The United Conservative Party (UCP) launched a review of Alberta’s fiscal situation by appointing a panel of experts. The Panel is to come up with a plan to balance the budget by fixing a deficit of 7 billion dollars. And Panel has been given tough marching orders! It must not propose tax increases. It is to “find ways to eliminate waste, duplication and non-essential spending to fund government’s key priorities.”
So, as to waste and duplication… the Chair of the Panel is Janice Mackinnon, she brings some cost cutting chops from her days – 25 years ago – in Saskatchewan. In a 2017 publication she laid out her recipe to address Alberta’s budget deficit:
- Establish spending targets benchmarked to other provinces.
- Constrain wage and salary costs of the public service.
- Restructure programs, particularly health care.
- Grow the economy through corporate tax reform.
The UCP platform contains a healthy dose of ‘supply side’ economic theory. That theory holds that lower taxes and deregulation will increase the supply of capital, jobs, and wealth creation.
So on the revenue side…. Bev Dalby, panel member from the University of Calgary believes high taxes stifle government revenue generation. There is a concept called the the “Laffer Curve”. This curve notionally identifies an optimal corporate tax level that stimulates growth and optimal tax revenue. But if taxes go higher, growth is inhibited. Because low taxes allow companies to grow and high taxes causes under-investment or a move to a more competitive jurisdiction.
The UCP will reduce corporate taxes over four years or sooner.
At the same time they commit to maintain the health care budget and capital plan. But no new taxes and no carbon tax revenue.
This isn’t going to be easy!!!
- While it is helpful to benchmark spending in other jurisdictions; Alberta’s cost of living, and average wages are higher. Per capita government spending in Alberta is about $3,200 higher than Canada’s large provinces. ($800 -1,000 is health care). But health care savings are out of bounds.

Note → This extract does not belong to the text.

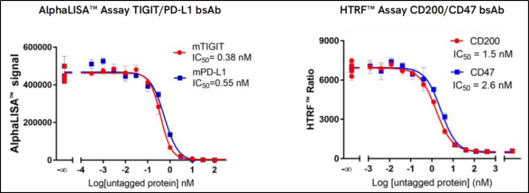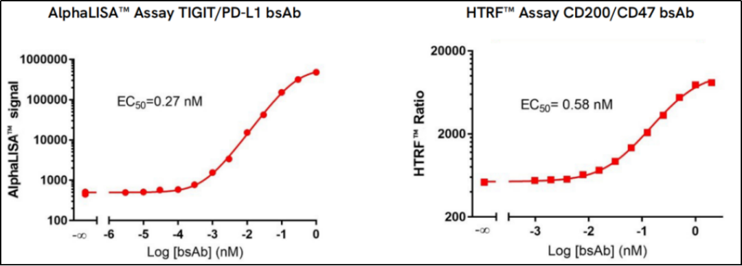 1.使用Alpha/HTRF技术,BsAb结合活性既可通过设置不同的结合实验获得BsAb结合活性的EC50值(三元复合物-夹心法,图4,5),或BsAb筛选的IC50值(竞争法,图6),其灵活的检测模型满足了客户对BsAb结合活性验证的个性化要求。

- Thus the Panel could plan to bring the remaining 50% to an average of with other provinces. ($1,600 per capita or $6.9 billion) – that would magically eliminate the deficit! But wait! That means a reduction of the budget by 14% over the 3 years, with impacts to Education, Advanced Education and social programs. When you add in inflation and population growth, the reductions are deeper.
- For reference, the Klein era cuts which decimated public services were about 20% over a similar time frame.
- Constraining public sector costs won’t be any picnic either!
- The NDP pushed negotiations for major public sector unions out beyond the election, leaving a cost pressure pending. Here is what the UCP are up against:
- 7,000 non-union employees had salaries frozen since 2015.
- 23,000 provincial union workers wages were frozen to 2019.
- 10,000 physicians had fees frozen until March 2020.
- 28,000 nurses had wages frozen to March 2020.
- 19,000 health workers are frozen to 2019.
- 46,000 teachers have frozen wages frozen to 2019
Part of the solution the panel will seek is growing the revenue side
- The UCP platform proposed a reduction of corporate taxes as a stimulus for economic growth. There will be a short-term budget hit of about $400 million in 2020-21. And maybe the overall cost will be $1 billion.
- The hope is that corporate revenue will grow by an overall $1.2 billion by 2024. The UCP estimate 55,000 jobs will be created and $13 billion in GDP will be generated.
- But there is risk here. Of the roughly $60 billion in corporate capital investments annually, almost half ($27 billion) comes from the energy sector. If Canadian energy policy continues to scare away investment, the rosy estimations might not happen.
Severely Normal Albertans should commend the new government for establishing the Panel to help it take a hard look at the Alberta budget. But the UCP’s promises of tax cuts and commitments to maintain health care make the Panel’s work borderline impossible. It seems inevitable that large cuts in the public sector and services must be part of proposed solution. And on the revenue side, we should cross our fingers for the TransMountain pipeline, improved royalties and speedy economic growth.
But even if we can find more loaves and fishes through these measures; Alberta still relies on oil royalties to fund basic operations.
Solving that problem will have to wait for the next Panel!